Women and pensions: why you need to care
Report after report shows that women are poorly provided for on pensions. For example, analysis by financial adviser Salisbury House Wealth showed 1.66 million fewer women than men were contributing to a personal pension in 2015/16. The Cridland Report found that women are likely to have 25% lower income on average than men in their first year of retirement.
A Mercer study last year estimated that the difference between women and men’s pension savings across the EU stands at 40%. Adding to this generally gloomy picture was a UBS report last week, which compared the retirement prospects for 50-year-old women in major cities worldwide and found that London fared among the worst in the developed world, beaten by – among others – New York, Milan, Tokyo and Sydney.
Many women rely on their husband’s pensions, but this too is a difficult path. Research from Scottish Widows shows that nearly three quarters (71%) of divorced people did not discuss pensions during divorce proceedings – if women had been relying on their husband’s pension, they risk being left with almost no provision in old age. A quarter of divorced women said they save nothing into a pension. The research estimates that divorced women are missing out on £5bn in pension payments every single year.
The research also showed that people tended to fight for a fair share of jointly owned property, a split of their combined savings or even a pet, rather than sharing a pension. Yet pensions are often as big an asset as the family home. Even if pensions are discussed during a divorce settlement, women are still missing out – 16% lost access to any pension pot when they split with their partner and 10% were left relying completely on the State Pension.
Poor understanding of pensions appears to be at the heart of the problem. Catherine Stewart, retirement expert at Scottish Widows, said: “Generally speaking women’s retirement prospects are worse than men’s. The persistent gender pay gap, maternity leave and career breaks can all hold back women’s earning potential and this often impacts pension savings. Relationship breakdowns can leave people really vulnerable but, quite simply, they’re also throwing significant sums of money down the drain.
“It is important that everyone – whether single, married or divorced – take steps to understand their finances and prepare for their independent future should a relationship break down. We would urge men and women to better understand the legalities around what happens to pension pots during divorce proceedings, as often they are the second largest, if not the largest asset a couple owns.”
Key steps for women and pensions
- Check your state pension provision – if you have taken a career break, possibly to raise children, or care for relatives, you may not have made enough national insurance contributions to be entitled to the full state pension. Check here.

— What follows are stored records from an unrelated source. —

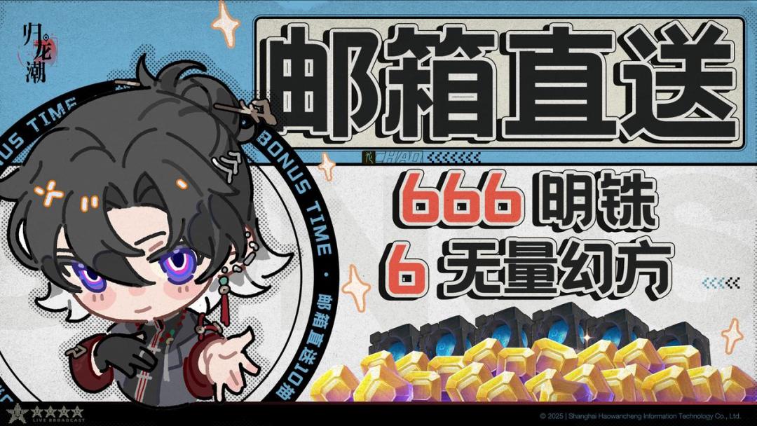 2025/06/05(今天)到 2025/08/01 期间登录游戏,打开邮箱即可直接带走666明铢与无量幻方*6!
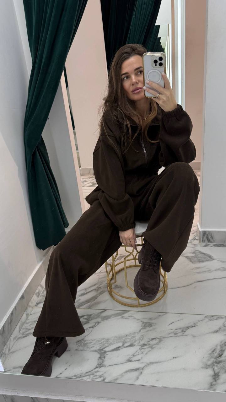 верх на замку, акуратно виділена талія та прямі штани з куліскою по низу, неймовірно теплий та зручний
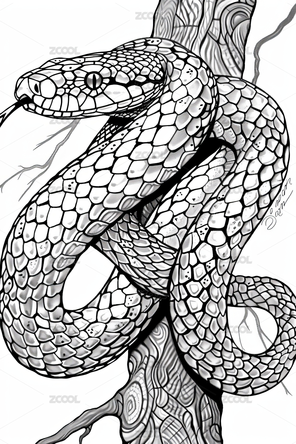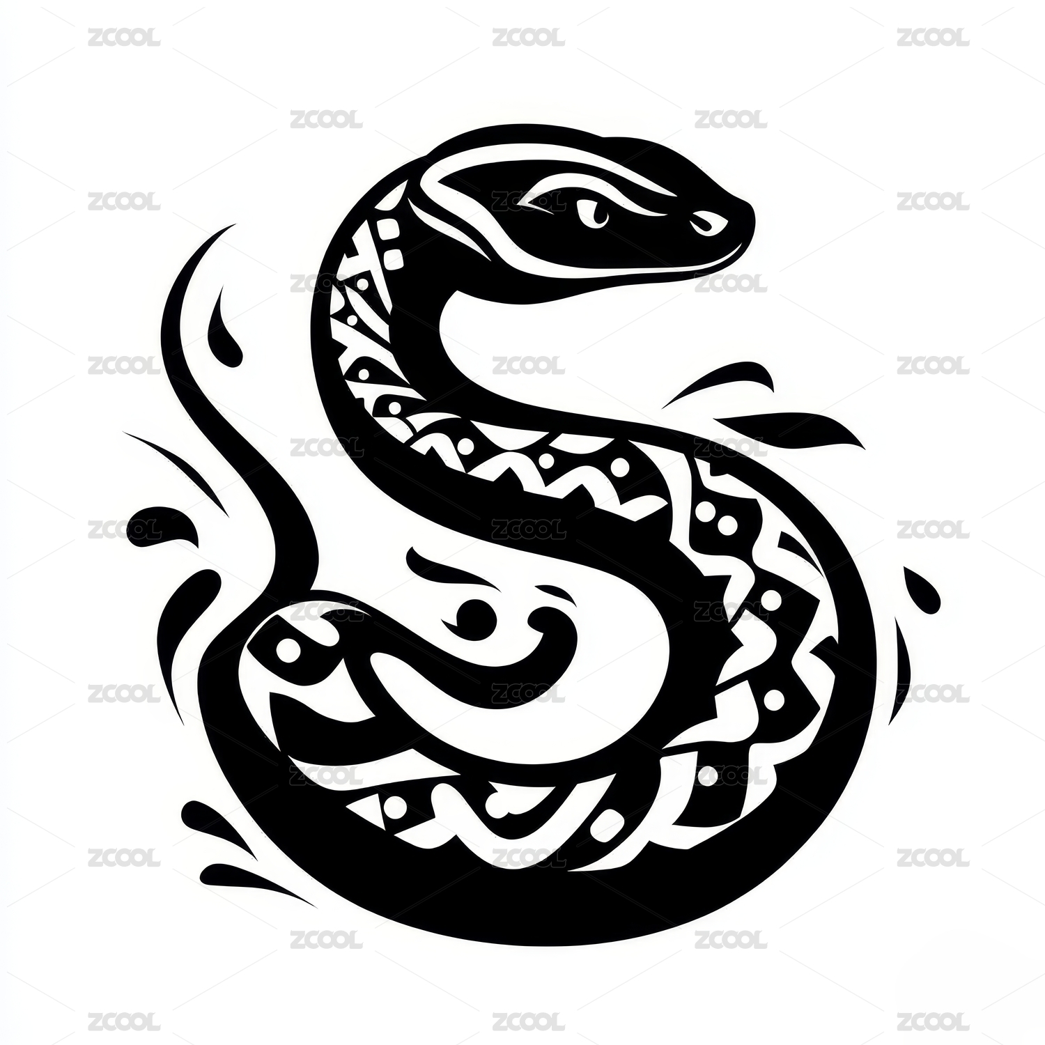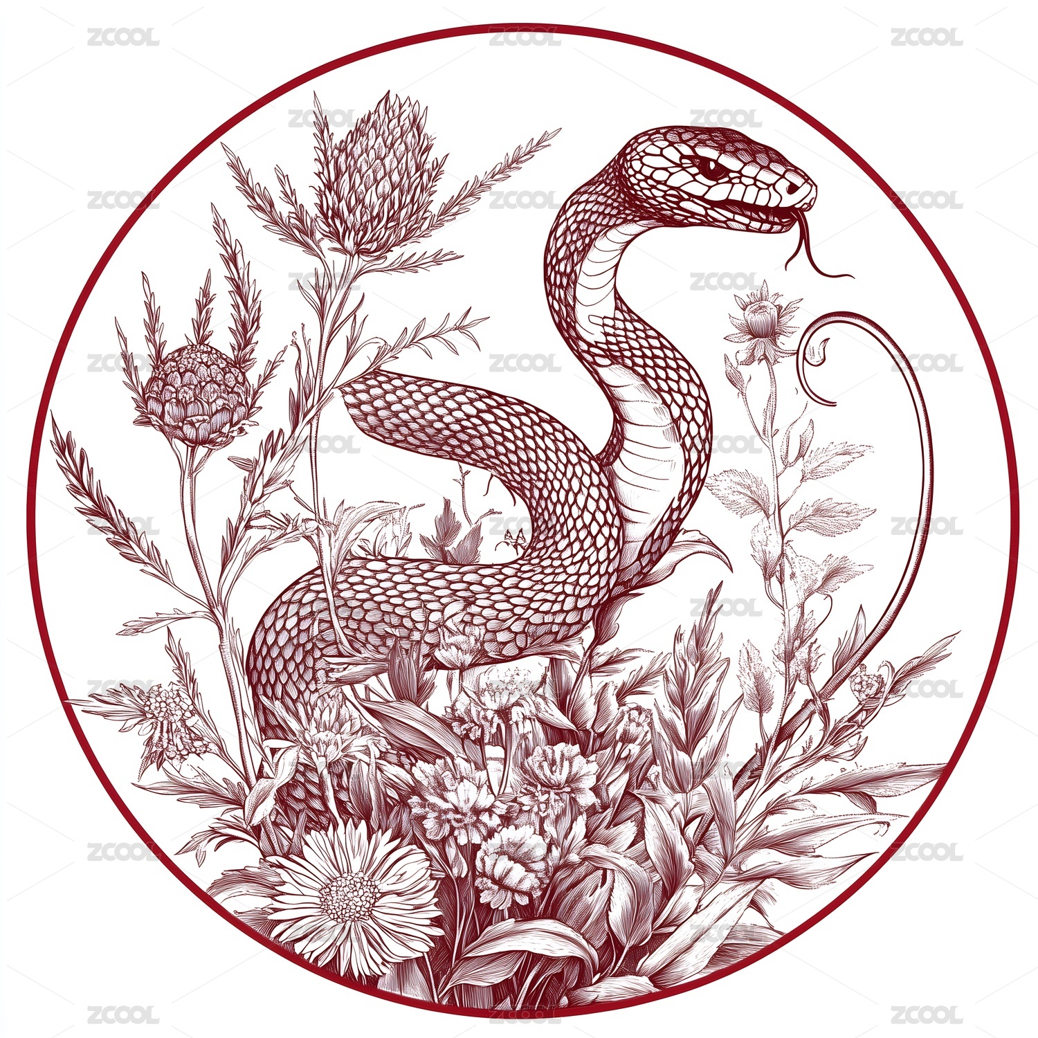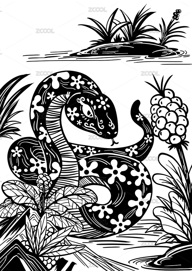 黑白画,版画,中国传统画,国风,已蛇,生肖
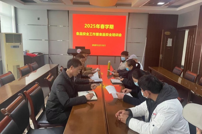 2025年春季学期即将开始,为保障学校师生在校期间的饮食安全,2月13日下午,我校在办公楼二楼会议室召开春季开学前食品安全工作培训会议,会议由后勤处副主任项楠主持。副校长徐飞、后勤处主任张启寿及食堂相关工作人员参加了会议。

- Check your workplace pension provision – if you are employed, contact your HR department to get a statement of your current pension entitlement. Employers are obliged to contribute to a pension for all their employees over a certain salary level.

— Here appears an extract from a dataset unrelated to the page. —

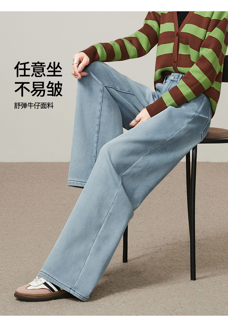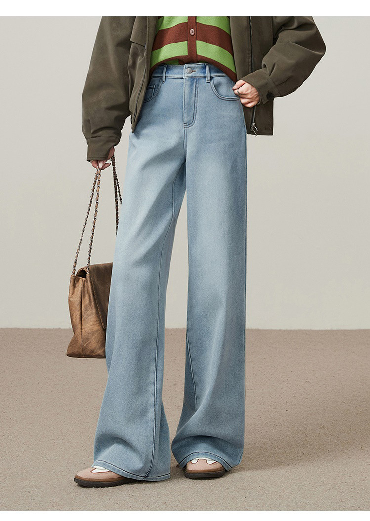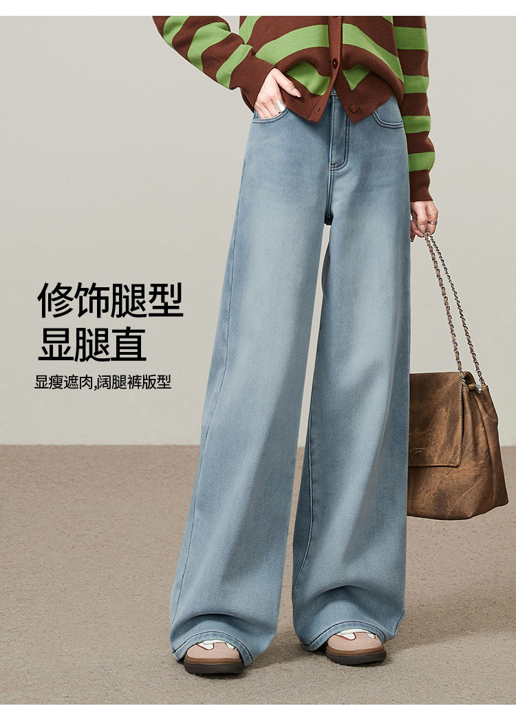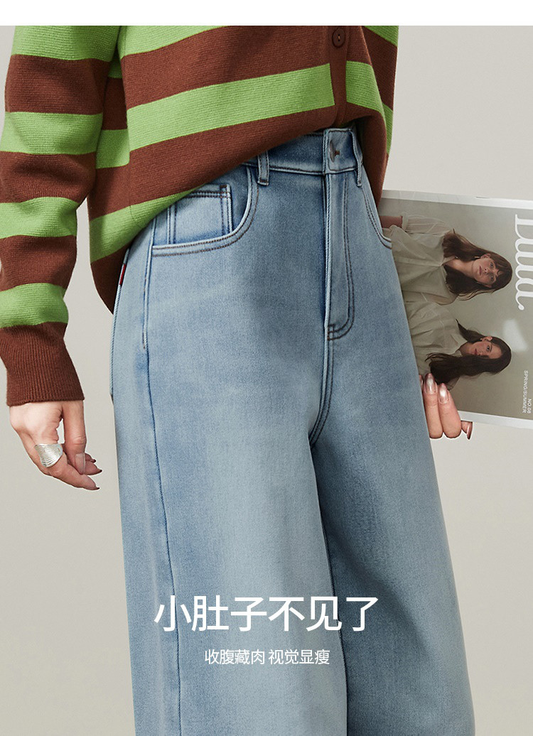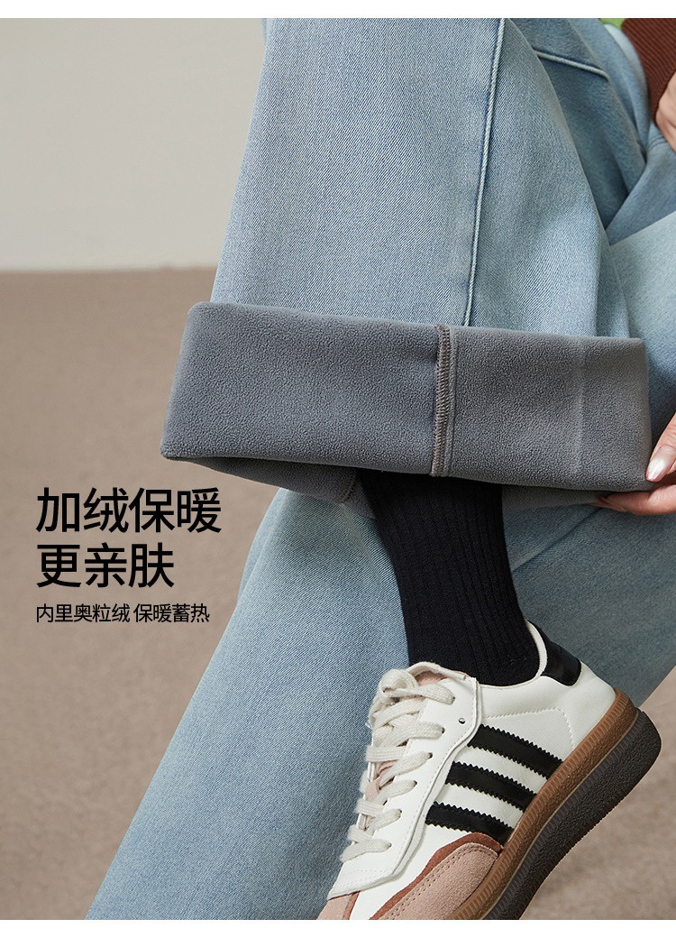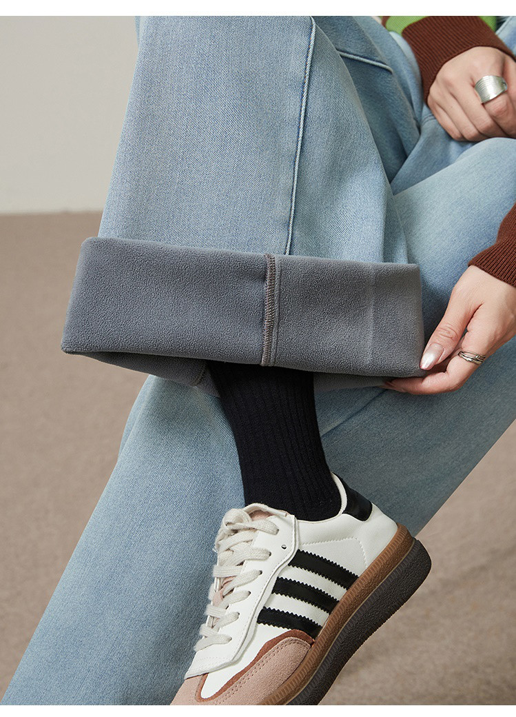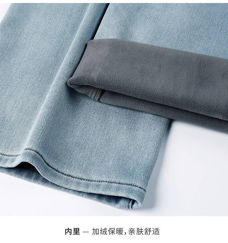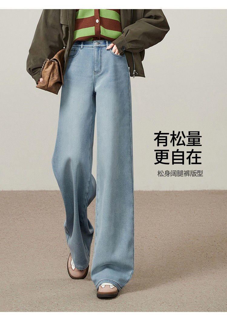 【浅蓝色-加绒-阔腿】逸阳冬加绒加厚抗寒保暖宽松直筒牛仔长裤7329

- Check whether you have pensions from former employers. This will involve rummaging through old drawers to uncover any paperwork, or contacting HMRC’s Pensions Tracing Service.
From there, you should be able to tell whether you have adequate provision in retirement. You will also need to look at whether you have other sources of income, such as rental or dividend income, or income from part-time work. If you have a gap, you need to address it sooner rather than later.
- Anything is better than nothing. Saving £50-£100 a month into a private pension is unlikely to see you sitting on a yacht in retirement, but it is better than nothing, particularly when you add in the government’s contribution and compounding over time.
- Don’t be spooked by the big numbers. Pension providers are fond of telling people they are hundreds of thousands of pounds short on their pension provision. Just focus on doing something and what you can afford.
- Private pensions are easy to set up though major platforms such as the Share Centre, Hargreaves Lansdown or Fidelity FundsNetwork.
- You will need to decide what goes in your pension. Holding it in cash is unlikely to beat inflation and may leave you poorer over the longer-term. The platforms will have a range of suggested stock market or balance funds appropriate for pension savings.